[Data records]
------------------------------------------------------------

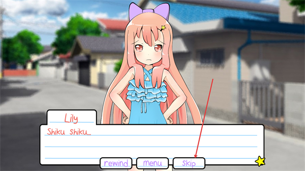 2、进入游戏对话界面后,可查看角色Lily的台词内容,点击Skip按钮能够跳过当前对话,快速推进游戏的剧情流程。
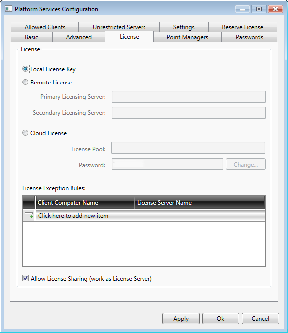 1. On the License tab, specify the server's licensing by choosing either Local License key (for the server to use its local license), Remote License (for the server to get a license from another FrameWorX Server) or Cloud License (for the server to use a cloud-based license).
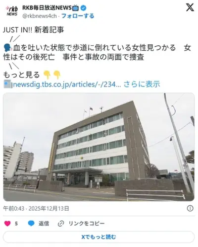 【福岡】「50歳くらいの男性が倒れている」血を吐いた状態で歩道に倒れている女性見つかる 女性はその後死亡 事件と事故の両面で捜査
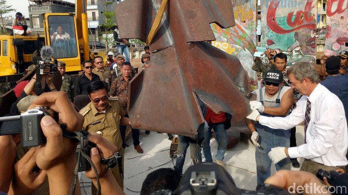 "Jadi ini tembok yang bisa menahan gempuran tank dan senjata, tapi akhirnya roboh karena tangan-tangan manusia yang ingin bersatu. Jadi ini juga ada patung bajanya simbol itu," sambungnya.
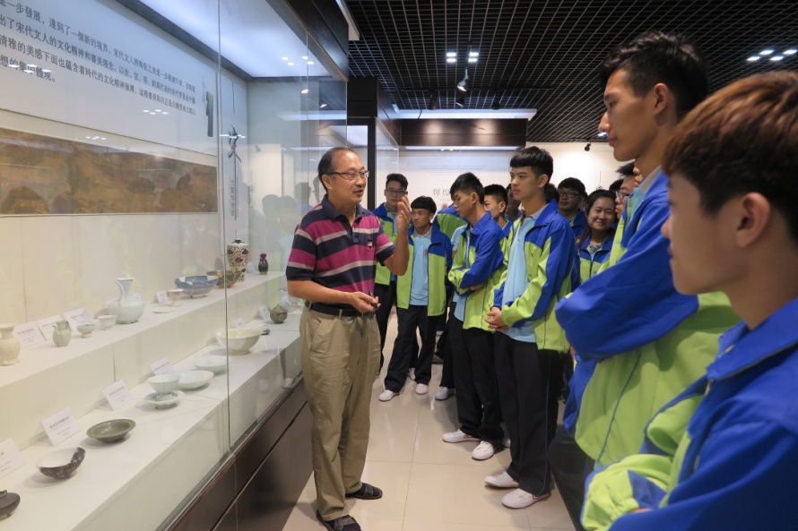 讲解员带领学生参观了博物馆内宋代陶瓷、陶模以及玩具等展区,不仅详细讲解了不同文物的故事与价值,也向学生介绍了博物馆的建设概况。大观博物馆的建设利用了开云kaiyun官网自身人才优势,从博物馆的设计装潢、到展柜与展板的制作安装以及馆内文物的修复工作,均由艺术设计学院不同专业的师生共同承担完成。
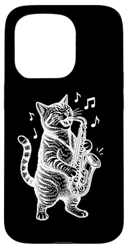 Coque pour iPhone 15 Pro Chat Jouant du Saxophone, Joli Motif de Chaton saxophoniste
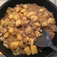 - 6 玉ねぎ、豚ひき肉を入れ中火で色が変わるまで炒め、調味料の材料を入れ炒めます。
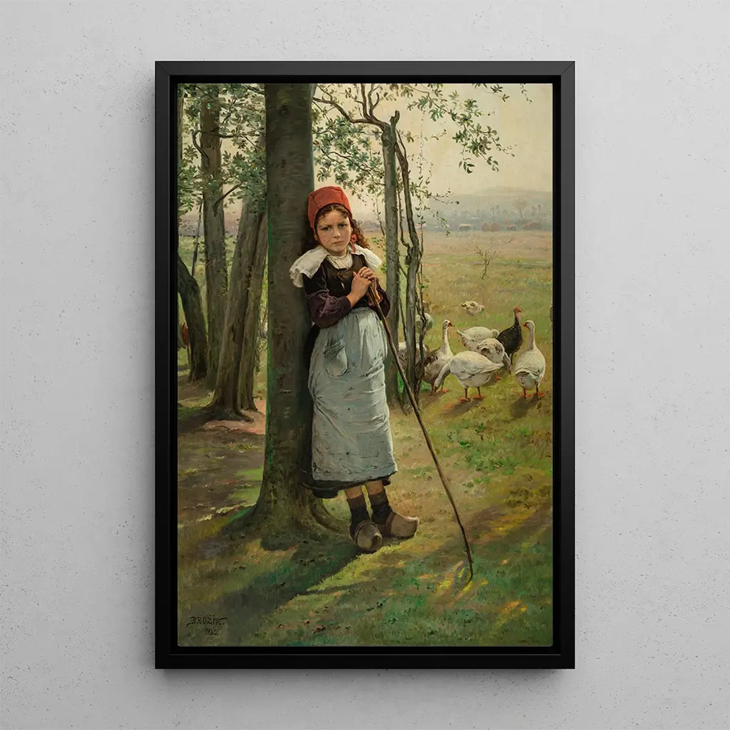 La Petite Gardienne d'oies, een iconisch kunstdruk van Václav Brožík, dompelt ons onder in een pastoralistisch universum waar de eenvoud van het landelijke leven samengaat met een delicate poëzie. De compositie benadrukt een jong meisje, omringd door ganzen, waarvan de witte veren contrasteren met de warme tinten van het landschap. De pastelkleuren en het spel van licht creëren een serene en rustgevende sfeer, uitnodigend tot contemplatie. De techniek van de kunstenaar, die realisme en impressionisme combineert, laat de frisheid van de lucht en het geruis van de bladeren voelen, waardoor deze scène levendig en ontroerend wordt.
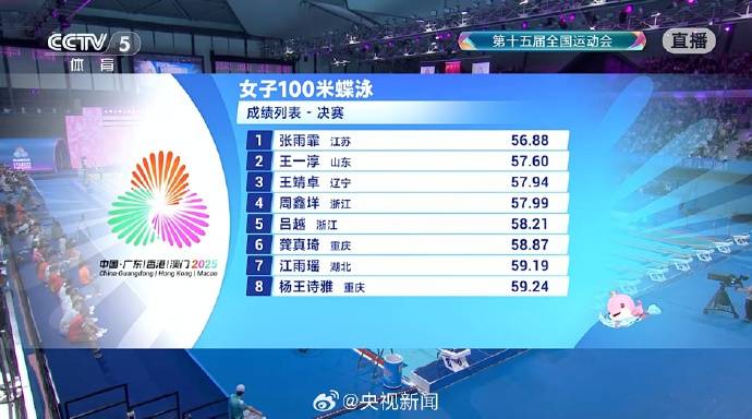 在游泳项目女子100米蝶泳决赛中,江苏队选手张雨霏以56秒88夺得金牌,王一淳获得银牌,王靖卓获得铜牌。
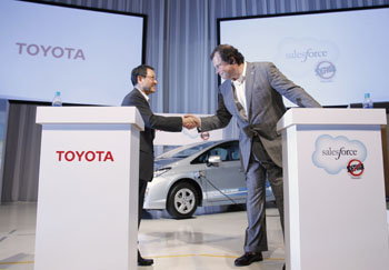 5月23日,日本豐田汽車公司總裁豐田章男(左)和美國Salesforce.com網站首席執行官馬克·貝尼奧夫在東京共同出席新聞發布會。 當日,日本豐田汽車公司和美國Salesforce.com網站在東京召開新聞發布會,宣布將建立一個面向豐田消費者的私人社交網站“豐田之友”,該網站將與即將上市的豐田電動車及插入式混合動力車同時發布。
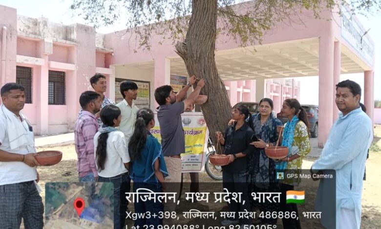 रजमिलान महाविद्यालय में अनूठी पहल: पक्षियों के लिए रखे सकोरे, दिया संरक्षण का संदेश
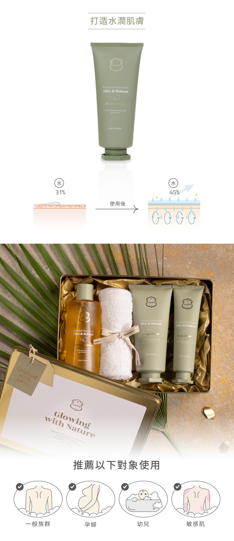容量:植物滋潤膏50g+乳液200g+紙袋
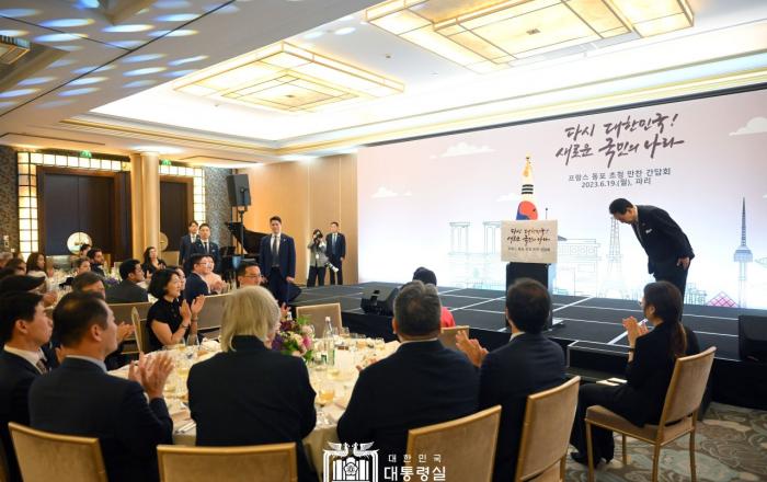 프랑스를 방문 중인 윤석열 대통령은 19일(현지시간) 동포들과 만찬 겸 간담회를 가지고 2030세계박람회 부산 유치를 위한 동포들의 지원을 요청했다. 윤 대통령은 만찬 간담회 격려사에서 “오는 11월에 에펠탑이라는 대표적인 박람회 유산을 자랑하는 이곳 파리에서 2

------------------------------------------------------------

▶ _Task description_: Copy out the entries verbatim and leave the images out.

▶ _Problem solution_:
 2、进入游戏对话界面后,可查看角色Lily的台词内容,点击Skip按钮能够跳过当前对话,快速推进游戏的剧情流程。
 1. On the License tab, specify the server's licensing by choosing either Local License key (for the server to use its local license), Remote License (for the server to get a license from another FrameWorX Server) or Cloud License (for the server to use a cloud-based license).
 【福岡】「50歳くらいの男性が倒れている」血を吐いた状態で歩道に倒れている女性見つかる 女性はその後死亡 事件と事故の両面で捜査
 "Jadi ini tembok yang bisa menahan gempuran tank dan senjata, tapi akhirnya roboh karena tangan-tangan manusia yang ingin bersatu. Jadi ini juga ada patung bajanya simbol itu," sambungnya.
 讲解员带领学生参观了博物馆内宋代陶瓷、陶模以及玩具等展区,不仅详细讲解了不同文物的故事与价值,也向学生介绍了博物馆的建设概况。大观博物馆的建设利用了开云kaiyun官网自身人才优势,从博物馆的设计装潢、到展柜与展板的制作安装以及馆内文物的修复工作,均由艺术设计学院不同专业的师生共同承担完成。
 Coque pour iPhone 15 Pro Chat Jouant du Saxophone, Joli Motif de Chaton saxophoniste
 - 6 玉ねぎ、豚ひき肉を入れ中火で色が変わるまで炒め、調味料の材料を入れ炒めます。
 La Petite Gardienne d'oies, een iconisch kunstdruk van Václav Brožík, dompelt ons onder in een pastoralistisch universum waar de eenvoud van het landelijke leven samengaat met een delicate poëzie. De compositie benadrukt een jong meisje, omringd door ganzen, waarvan de witte veren contrasteren met de warme tinten van het landschap. De pastelkleuren en het spel van licht creëren een serene en rustgevende sfeer, uitnodigend tot contemplatie. De techniek van de kunstenaar, die realisme en impressionisme combineert, laat de frisheid van de lucht en het geruis van de bladeren voelen, waardoor deze scène levendig en ontroerend wordt.
 在游泳项目女子100米蝶泳决赛中,江苏队选手张雨霏以56秒88夺得金牌,王一淳获得银牌,王靖卓获得铜牌。
 5月23日,日本豐田汽車公司總裁豐田章男(左)和美國Salesforce.com網站首席執行官馬克·貝尼奧夫在東京共同出席新聞發布會。 當日,日本豐田汽車公司和美國Salesforce.com網站在東京召開新聞發布會,宣布將建立一個面向豐田消費者的私人社交網站“豐田之友”,該網站將與即將上市的豐田電動車及插入式混合動力車同時發布。
 रजमिलान महाविद्यालय में अनूठी पहल: पक्षियों के लिए रखे सकोरे, दिया संरक्षण का संदेश
容量:植物滋潤膏50g+乳液200g+紙袋
 프랑스를 방문 중인 윤석열 대통령은 19일(현지시간) 동포들과 만찬 겸 간담회를 가지고 2030세계박람회 부산 유치를 위한 동포들의 지원을 요청했다. 윤 대통령은 만찬 간담회 격려사에서 “오는 11월에 에펠탑이라는 대표적인 박람회 유산을 자랑하는 이곳 파리에서 2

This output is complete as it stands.